◆ EXERCISE REQUIREMENTS
Output only the lines below that start at the line containing "Em movimento simbólico, Lira" and end at the line containing "Pdf Kisi Kisi", with both ends kept.

◆ SUPPLIED RECORDS
☆ ☆ ☆ ☆ ☆ ☆ ☆
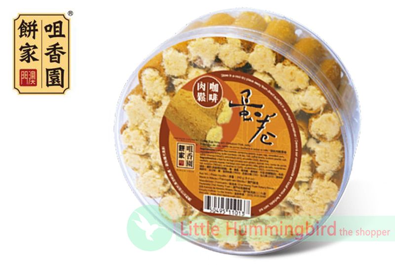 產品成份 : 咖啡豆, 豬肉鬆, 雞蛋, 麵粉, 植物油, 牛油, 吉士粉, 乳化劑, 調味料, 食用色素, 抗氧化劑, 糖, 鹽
☆ ☆ ☆ ☆ ☆ ☆ ☆
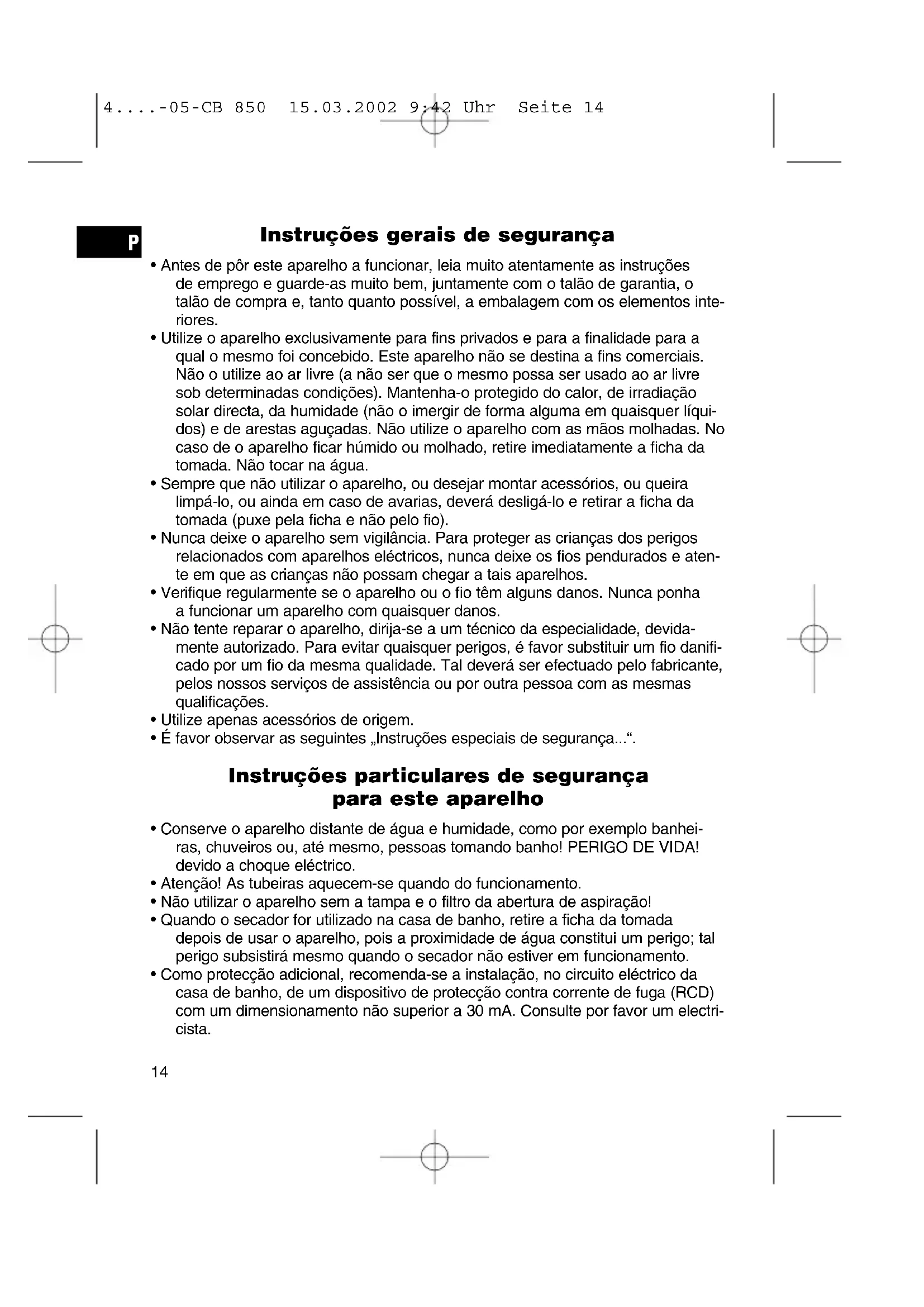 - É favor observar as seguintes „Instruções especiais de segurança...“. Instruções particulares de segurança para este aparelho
☆ ☆ ☆ ☆ ☆ ☆ ☆
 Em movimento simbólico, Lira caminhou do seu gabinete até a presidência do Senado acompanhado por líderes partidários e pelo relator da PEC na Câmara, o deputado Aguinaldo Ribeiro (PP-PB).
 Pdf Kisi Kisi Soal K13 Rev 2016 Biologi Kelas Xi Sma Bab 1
☆ ☆ ☆ ☆ ☆ ☆ ☆
◆ RESPONSE AREA
 Em movimento simbólico, Lira caminhou do seu gabinete até a presidência do Senado acompanhado por líderes partidários e pelo relator da PEC na Câmara, o deputado Aguinaldo Ribeiro (PP-PB).
 Pdf Kisi Kisi Soal K13 Rev 2016 Biologi Kelas Xi Sma Bab 1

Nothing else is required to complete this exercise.